- [EXERCISE DETAILS]: Begin your copy at the line with "Korgs Bluetooth MIDI Connect" in the records below and end it at the line with "El programa de", restating each line word for word; omit the pictures.

Start of RECORDED INFORMATION

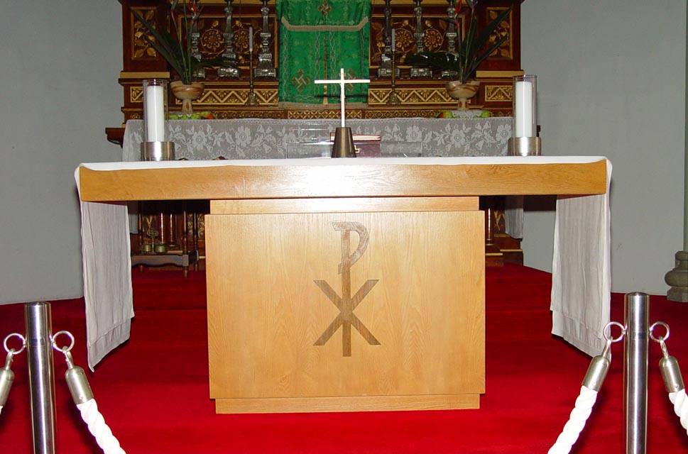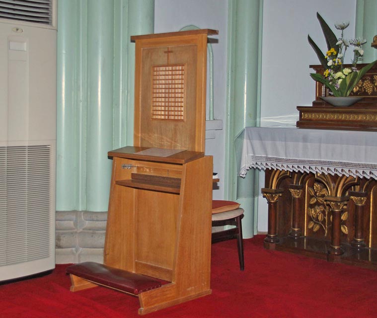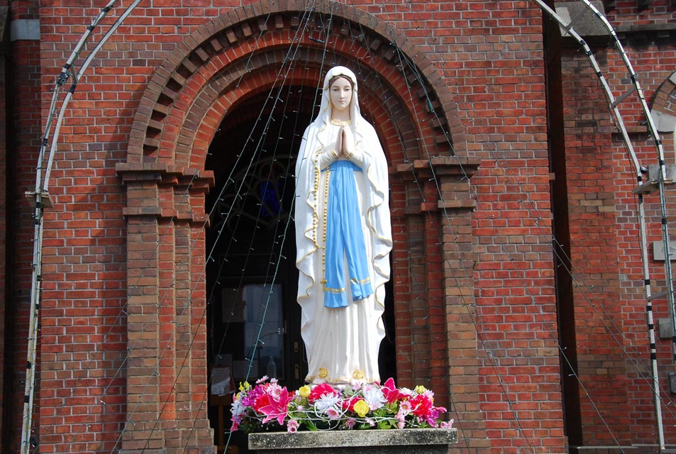 1915(大正4)年から1918(大正7)年まで3年をかけて、中田藤吉神父の指導のもと赤煉瓦造りの八角形ドームを持つ重層屋根構成の聖堂が完成しました。設計施工は、九州の多くの聖堂建築にたずさわった「教会建築の父」といわれる鉄川与助氏によるものです。
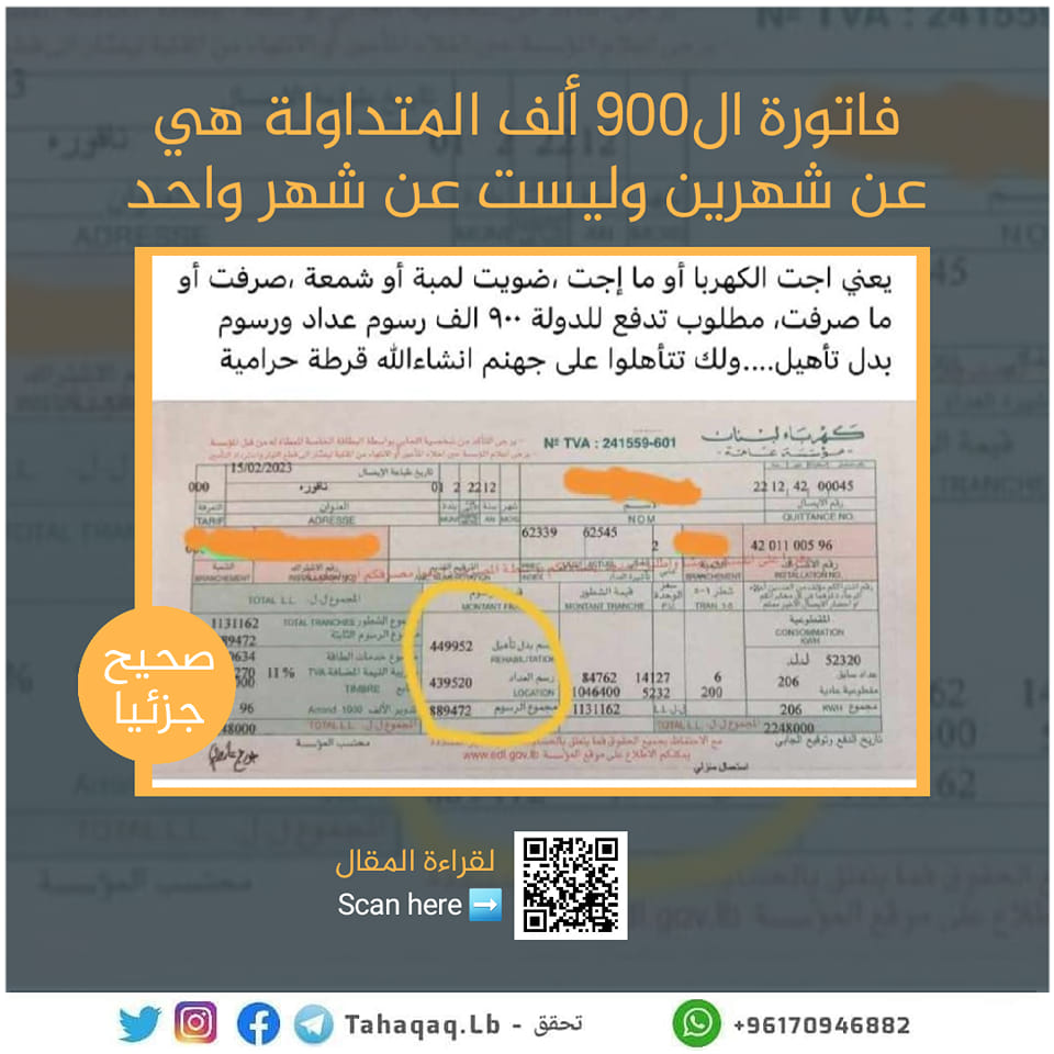 🔴 فاتورة كهرباء ال900 ألف المتداولة هي عن شهرين وليست عن شهر واحد. ________________________________ ▪️تداول مستخدمو… Posted by تحقَّق 360 on Monday, February 27, 2023
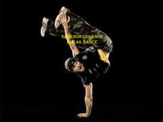 El break dance es un baile callejero asociado con géneros urbanos como el hip hop y el rap, que requiere mucho entrenamiento físico y abstinencia de vicios. El break dance se baila al ritmo de la música rap y hip hop, cuyas letras a menudo describen experiencias de la vida callejera. El rap es también un género urbano que surge de la calle y que busca contar las realidades y vivencias de quienes la habitan a través de la revolución artística.
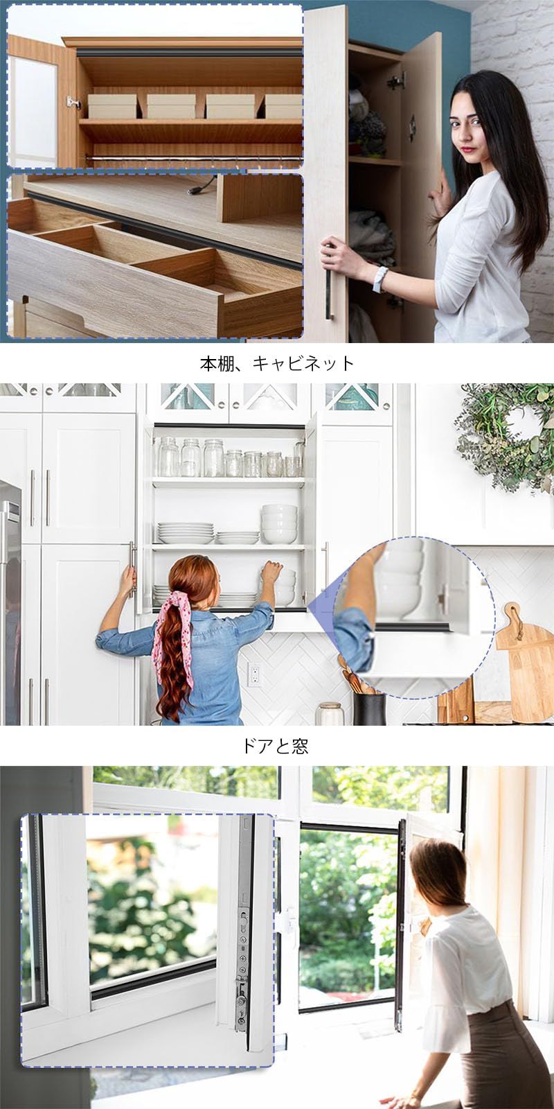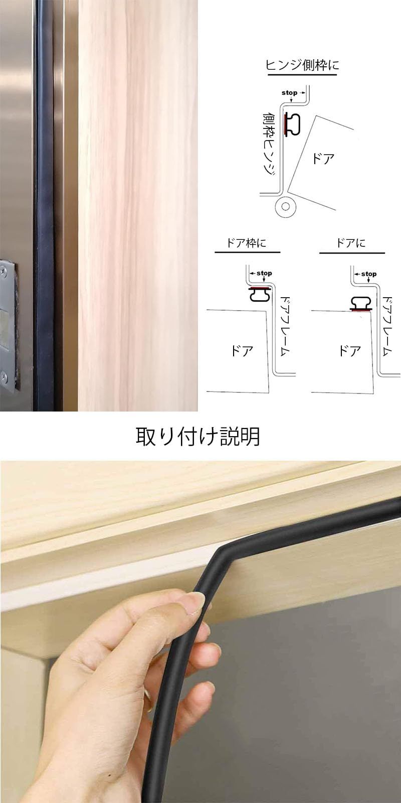 どの製品もドア1枚をぐるりと貼ることができる、たっぷりサイズの長さ6mです。ドアには色々なサイズがあり、標準的なドアの場合、室内・浴室ドアなら高さが1800mmから2000mm、玄関ドアなら2000mmから2330mm。標準的な室内、浴室、玄関ドアであれば、製品1つでドア1枚分のすき間を防ぐことができます。
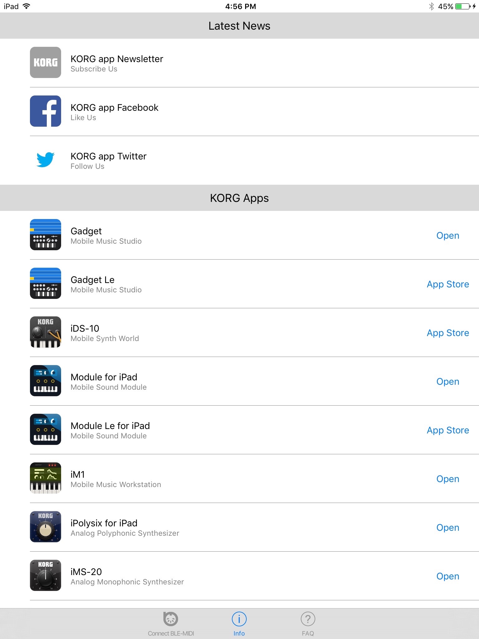 Korgs Bluetooth MIDI Connect allows you to easily connect Korgs Bluetooth MIDI compatible controllers such as microKEY Air, nanoKEY Studio, nanoKONTROL Studio wirelessly with your iPhone/iPad.
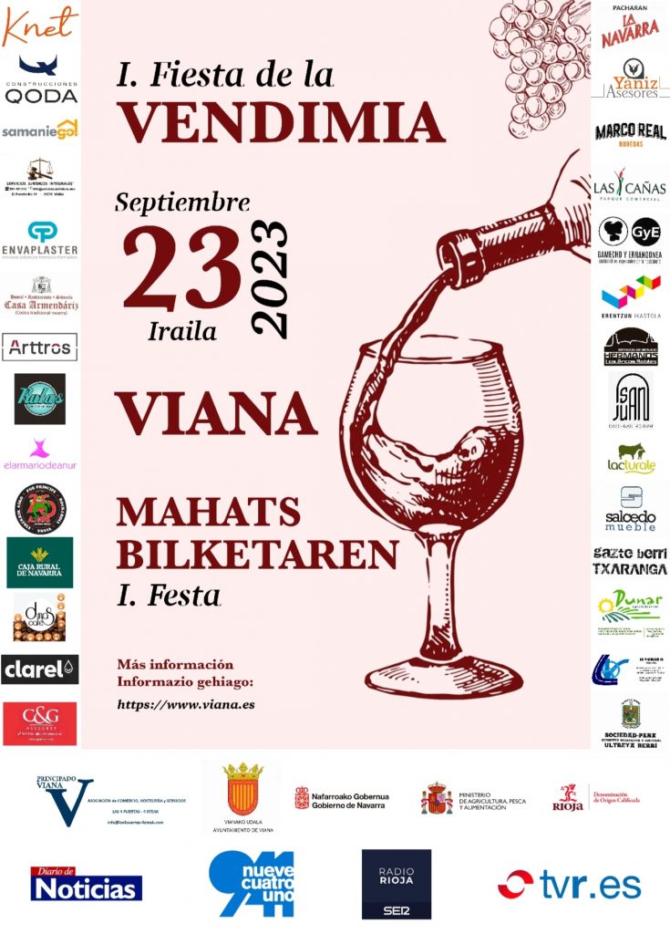 El programa de actividades previsto para la mañana del sábado 23 de septiembre en Viana incluye el tradicional pisado de la uva y la elaboración del primer mosto en la Plaza de los Fueros, asà como una degustación de vinos locales y de bodegas cercanas.
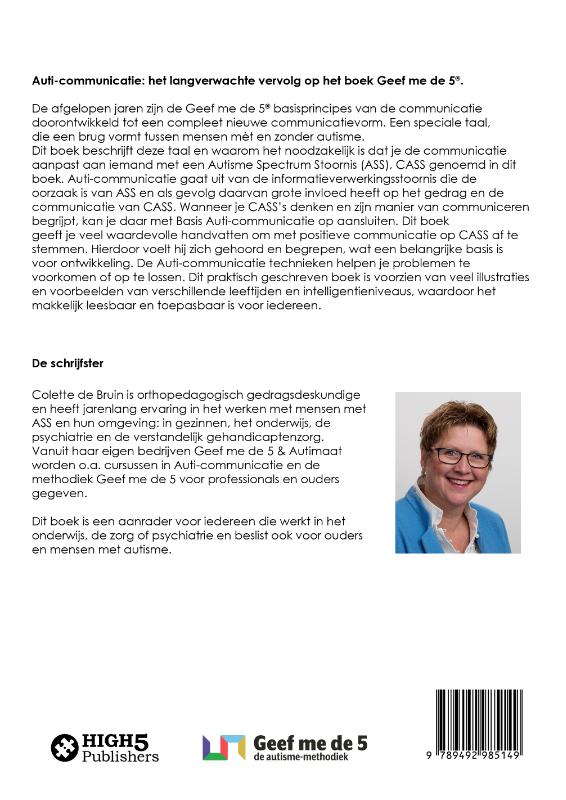 Auti-communicatie: het langverwachte vervolg op het boek Geef me de 5®. De afgelopen jaren zijn de Geef me de 5® basisprincipes van de communicatie doorontwikkeld tot een compleet nieuwe communicatievorm. Een speciale taal, die een brug vormt tussen mensen mèt en zonder autisme. Dit boek beschrijft deze taal en waarom het noodzakelijk is dat je de communicatie aanpast aan iemand met een Autisme Spectrum Stoornis (ASS), CASS genoemd in dit boek. Auti-communicatie gaat uit van de informatieverwerkingsstoornis die de oorzaak is van ASS en als gevolg daarvan grote invloed heeft op het gedrag en de communicatie van CASS. Wanneer je CASS’s denken en zijn manier van communiceren begrijpt, kan je daar met Basis Auti-communicatie op aansluiten. Dit boek geeft je veel waardevolle handvatten om met positieve communicatie op CASS af te stemmen. Hierdoor voelt hij zich gehoord en begrepen, wat een belangrijke basis is voor ontwikkeling. De Auti-communicatie technieken helpen je problemen te voorkomen of op te lossen. Dit praktisch geschreven boek is voorzien van veel illustraties en voorbeelden van verschillende leeftijden en intelligentieniveaus, waardoor het makkelijk leesbaar en toepasbaar is voor iedereen. De schrijfster Colette de Bruin is orthopedagogisch gedragsdeskundige en heeft jarenlang ervaring in het werken met mensen met ASS en hun omgeving: in gezinnen, het onderwijs, de psychiatrie en de verstandelijk gehandicaptenzorg. Vanuit haar eigen bedrijven Geef me de 5 & Autimaat worden o.a. cursussen in Auti-communicatie en de methodiek Geef me de 5 voor professionals en ouders gegeven. Dit boek is een aanrader voor iedereen die werkt in het onderwijs, de zorg of psychiatrie en beslist ook voor ouders en mensen met autisme.
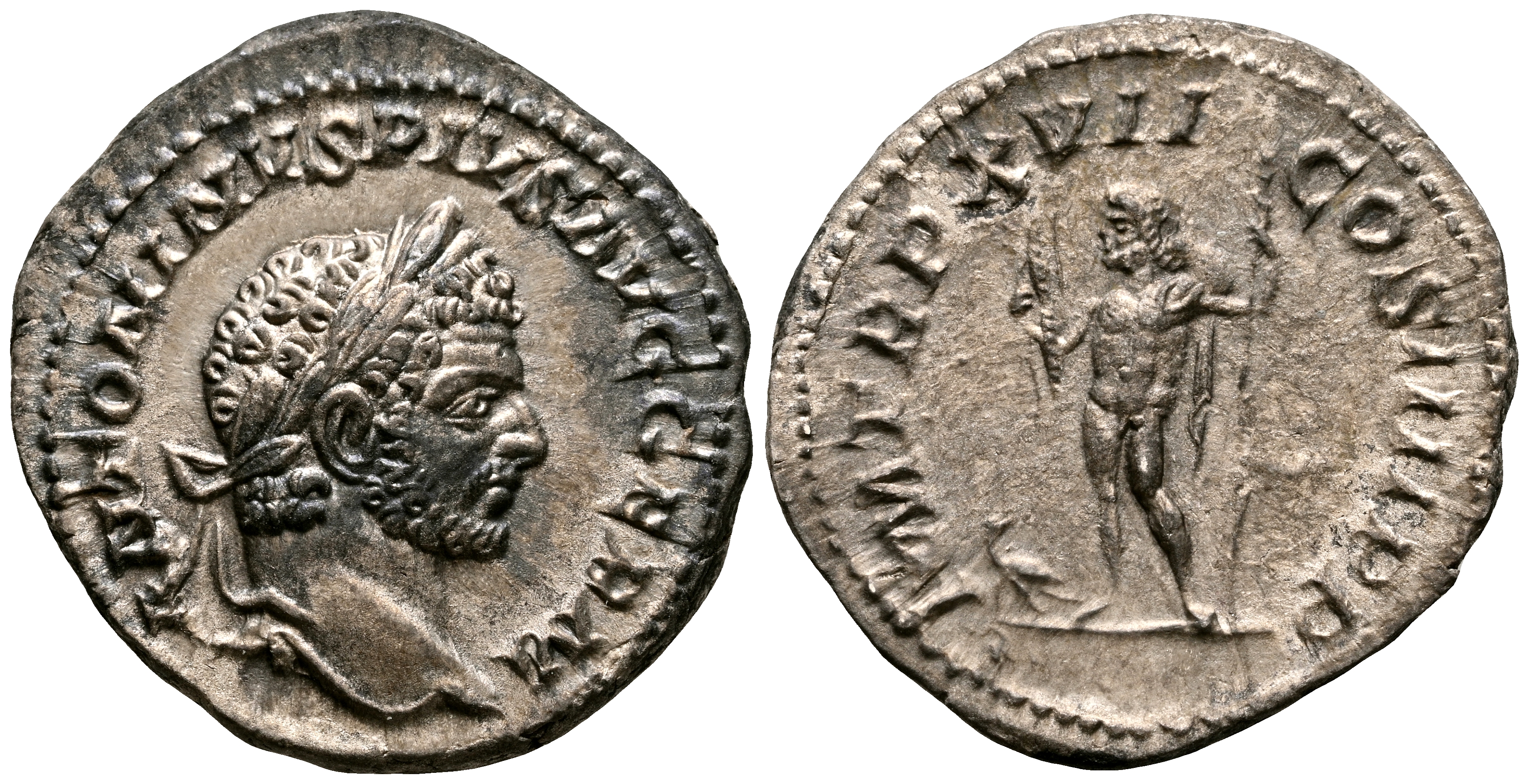 CARACALLA. Denario. (Ar. 3,22g/19mm). 214 d.C. Roma. (RIC 240). Anv: Cabeza laureada de Caracalla a derecha, alrededor leyenda: ANTONIVS PIVS AVG GERM. Rev: Júpiter estante a izquierda portando cetro y rayo, a sus pies águila, alrededor leyenda: P M TR P XVII COS IIII P P. MBC+.

End of RECORDED INFORMATION

- [EXERCISE OUTPUT]:
 Korgs Bluetooth MIDI Connect allows you to easily connect Korgs Bluetooth MIDI compatible controllers such as microKEY Air, nanoKEY Studio, nanoKONTROL Studio wirelessly with your iPhone/iPad.
 El programa de actividades previsto para la mañana del sábado 23 de septiembre en Viana incluye el tradicional pisado de la uva y la elaboración del primer mosto en la Plaza de los Fueros, asà como una degustación de vinos locales y de bodegas cercanas.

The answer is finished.